A produção de linguagens visuais surreais e oníricas parece um terreno

prolífero para as noções de imaginário. Os ambientes visuais vislumbrados

para uma produção audiovisual de fantasia estão relacionados a uma atenção

especial a partir da direção de arte e fotografia, aliadas à veiculação de

cartazes que transmitam a mesma linguagem e simbologia. Estas correntezas

visuais devem ser capazes de formar uma atmosfera correlativa entre o filme e

o cartaz. Este último, pela possibilidade de ser o primeiro contato visual do

espectador com um pedaço da obra, tem uma função de introduzir o

observador à ambiência do filme, podendo haver encontro e confluência desta

com as águas da “bacia semântica” de onde bebe o sujeito, gerando interesse

no audiovisual e uma nova direção para o curso destas águas.

A noção de bacia semântica é apresentada por Gilbert Durand (2001, p.

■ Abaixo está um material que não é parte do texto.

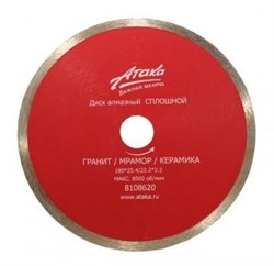Диск алмазный Атака 200 * 7 * 25,4 / 22,2 сплошной / гранит, мрамор, керамика
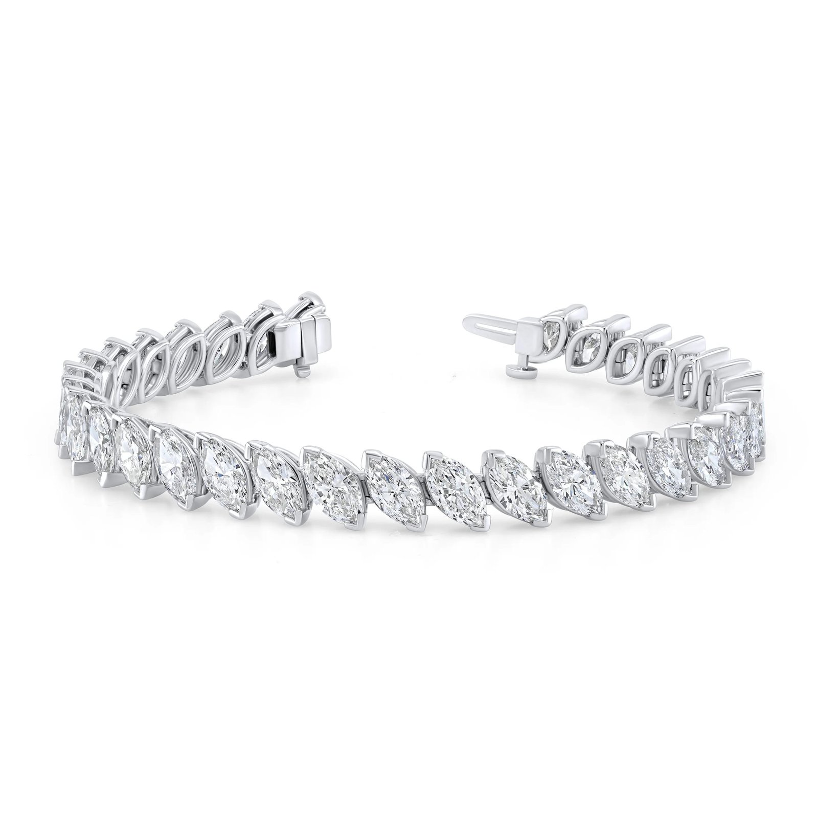 Elevate your style with the Marquise Tilted Diamond Bracelet. Set in 18k white gold, the bracelet features over 17 carats of dazzling marquise cut lab-grown diamonds, creating a sophisticated and timeless piece that adds unmatched brilliance to any ensemble.

116) e relata a mutação como um processo dinâmico da vida. Numa metáfora

recorrendo às bacias fluviais, Durand sugere que correntes desordenadas,

marginalizadas, atingem os movimentos institucionalizados, possibilitando que

haja o escoamento dessas águas. Estas simples correntes irão formar diversos

divisores de águas, com dimensões mais significativas, iniciando a formação de

um rio. Como qualquer outro rio, este também tomará um curso, e seguirá seu

caminho até encontrar contracorrentes e outros movimentos que podem

transformar sua dinâmica, apresentar outros caminhos e até alterar o seu

curso. Metaforicamente, vislumbra-se enxergar neste percurso a caracterização

de um sistema simbólico aberto. A noção das bacias semânticas possibilita

uma abordagem amplamente dinâmica, mutável em termos de harmonia, e

com riqueza em contradições.

Page 20: Fazer Cartaz de Cinema

19

Figura 3: Representação de uma bacia semântica

Aliado a esta questão das bacias semânticas, podemos postar o

imaginário como um reservatório/motor. Um motor de mecanismo

individual/grupal que parte da emanação de mensagens de um reservatório

cultural/emocional/empírico do emissor até um sujeito imerso em outro

reservatório, que vai recebendo e transformando estas mensagens, de forma

desordenada e não-controlada. Neste processo fluido e descompassado,

segundo Silva (2003, pág.12), o imaginário emana do real, estrutura-se como

ideal e retorna ao real como elemento propulsor. Ele comenta: O imaginário é a marca digital simbólica do indivíduo ou do grupo na matéria do vivido. Como reservatório, o imaginário é essa impressão digital do ser no mundo. Como motor, é o acelerador que imprime velocidade à possibilidade de ação. O homem age (concretiza) porque está mergulhado em correntes imaginárias que o empurram contra ou a favor dos ventos. (SILVA, 2003, p.12)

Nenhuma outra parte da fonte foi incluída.